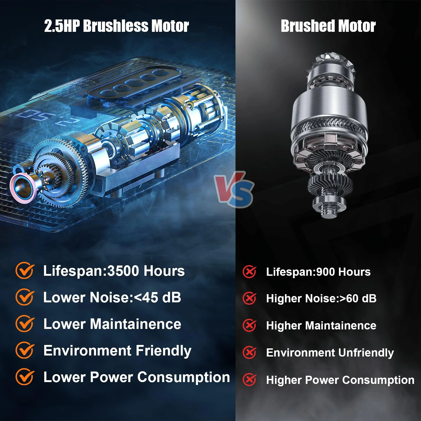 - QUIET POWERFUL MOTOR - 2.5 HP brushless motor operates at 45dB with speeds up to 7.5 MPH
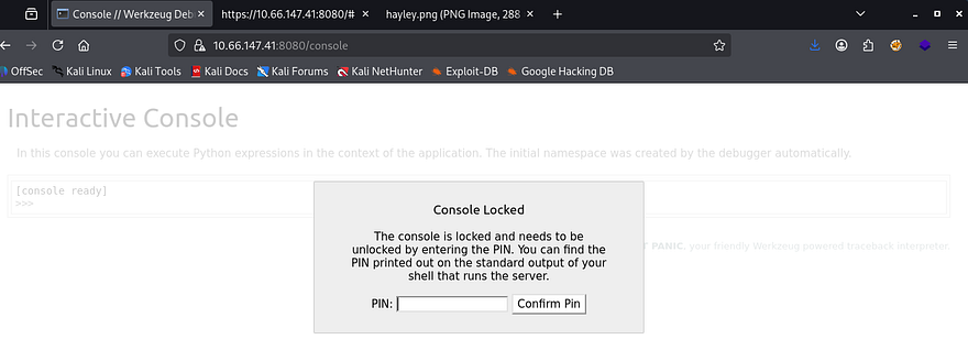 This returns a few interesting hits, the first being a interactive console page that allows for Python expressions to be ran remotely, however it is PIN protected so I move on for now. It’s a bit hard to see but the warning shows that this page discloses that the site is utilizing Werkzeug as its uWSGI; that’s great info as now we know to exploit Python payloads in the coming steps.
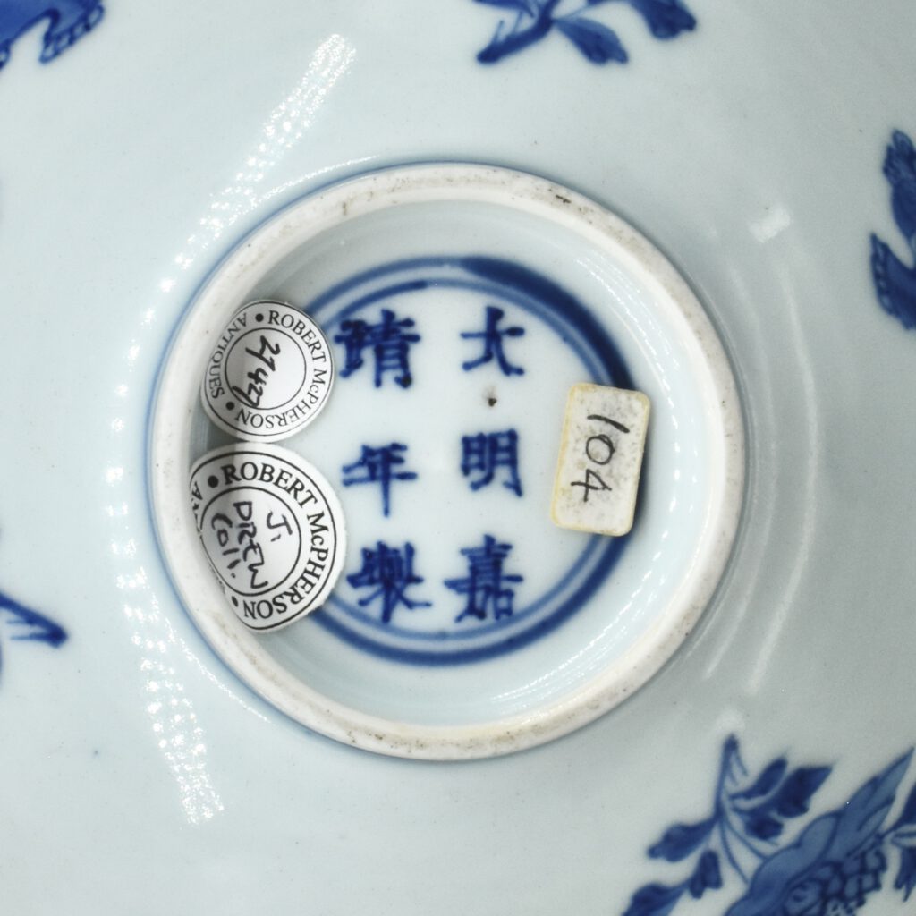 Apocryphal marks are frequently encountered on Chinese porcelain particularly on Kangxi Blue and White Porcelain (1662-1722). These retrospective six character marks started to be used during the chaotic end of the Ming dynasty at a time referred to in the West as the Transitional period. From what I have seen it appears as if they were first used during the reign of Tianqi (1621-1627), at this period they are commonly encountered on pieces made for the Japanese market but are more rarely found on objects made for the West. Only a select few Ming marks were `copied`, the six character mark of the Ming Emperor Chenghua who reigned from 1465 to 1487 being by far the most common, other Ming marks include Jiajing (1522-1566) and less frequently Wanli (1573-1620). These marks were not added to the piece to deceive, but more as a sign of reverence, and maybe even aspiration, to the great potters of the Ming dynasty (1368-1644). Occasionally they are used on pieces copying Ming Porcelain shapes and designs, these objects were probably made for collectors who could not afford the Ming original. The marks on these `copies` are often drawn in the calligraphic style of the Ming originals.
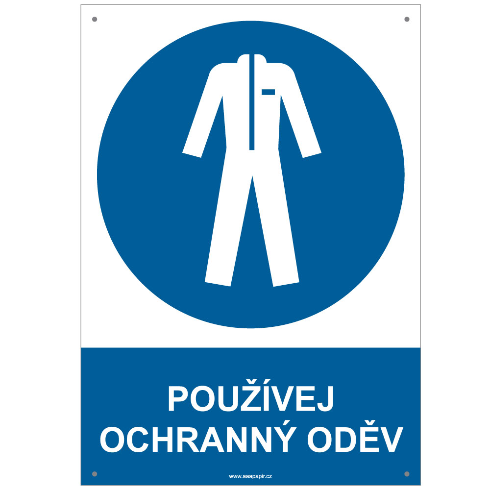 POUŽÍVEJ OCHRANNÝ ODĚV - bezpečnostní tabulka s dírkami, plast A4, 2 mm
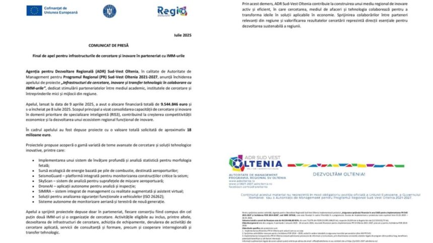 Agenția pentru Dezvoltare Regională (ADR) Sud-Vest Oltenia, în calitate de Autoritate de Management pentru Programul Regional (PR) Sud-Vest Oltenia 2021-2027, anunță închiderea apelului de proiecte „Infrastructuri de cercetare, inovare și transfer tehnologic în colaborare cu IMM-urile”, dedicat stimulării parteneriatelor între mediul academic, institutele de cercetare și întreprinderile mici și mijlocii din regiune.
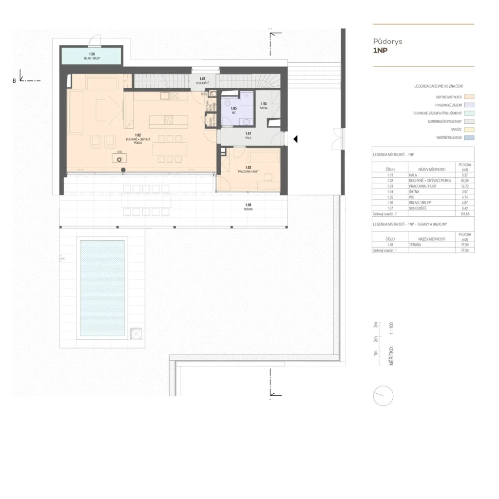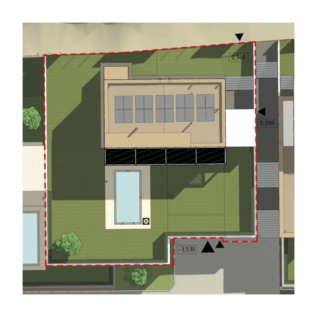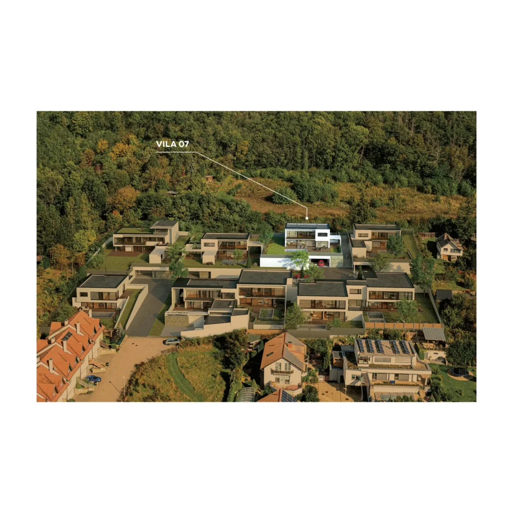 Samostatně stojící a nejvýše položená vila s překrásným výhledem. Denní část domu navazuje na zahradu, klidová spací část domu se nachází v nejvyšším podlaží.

*****

What the exercise asks:
Word for word, reproduce the material above and omit each image.

Answer to this task:
 - QUIET POWERFUL MOTOR - 2.5 HP brushless motor operates at 45dB with speeds up to 7.5 MPH
 This returns a few interesting hits, the first being a interactive console page that allows for Python expressions to be ran remotely, however it is PIN protected so I move on for now. It’s a bit hard to see but the warning shows that this page discloses that the site is utilizing Werkzeug as its uWSGI; that’s great info as now we know to exploit Python payloads in the coming steps.
 Apocryphal marks are frequently encountered on Chinese porcelain particularly on Kangxi Blue and White Porcelain (1662-1722). These retrospective six character marks started to be used during the chaotic end of the Ming dynasty at a time referred to in the West as the Transitional period. From what I have seen it appears as if they were first used during the reign of Tianqi (1621-1627), at this period they are commonly encountered on pieces made for the Japanese market but are more rarely found on objects made for the West. Only a select few Ming marks were `copied`, the six character mark of the Ming Emperor Chenghua who reigned from 1465 to 1487 being by far the most common, other Ming marks include Jiajing (1522-1566) and less frequently Wanli (1573-1620). These marks were not added to the piece to deceive, but more as a sign of reverence, and maybe even aspiration, to the great potters of the Ming dynasty (1368-1644). Occasionally they are used on pieces copying Ming Porcelain shapes and designs, these objects were probably made for collectors who could not afford the Ming original. The marks on these `copies` are often drawn in the calligraphic style of the Ming originals.
 POUŽÍVEJ OCHRANNÝ ODĚV - bezpečnostní tabulka s dírkami, plast A4, 2 mm
 Agenția pentru Dezvoltare Regională (ADR) Sud-Vest Oltenia, în calitate de Autoritate de Management pentru Programul Regional (PR) Sud-Vest Oltenia 2021-2027, anunță închiderea apelului de proiecte „Infrastructuri de cercetare, inovare și transfer tehnologic în colaborare cu IMM-urile”, dedicat stimulării parteneriatelor între mediul academic, institutele de cercetare și întreprinderile mici și mijlocii din regiune.
 Samostatně stojící a nejvýše položená vila s překrásným výhledem. Denní část domu navazuje na zahradu, klidová spací část domu se nachází v nejvyšším podlaží.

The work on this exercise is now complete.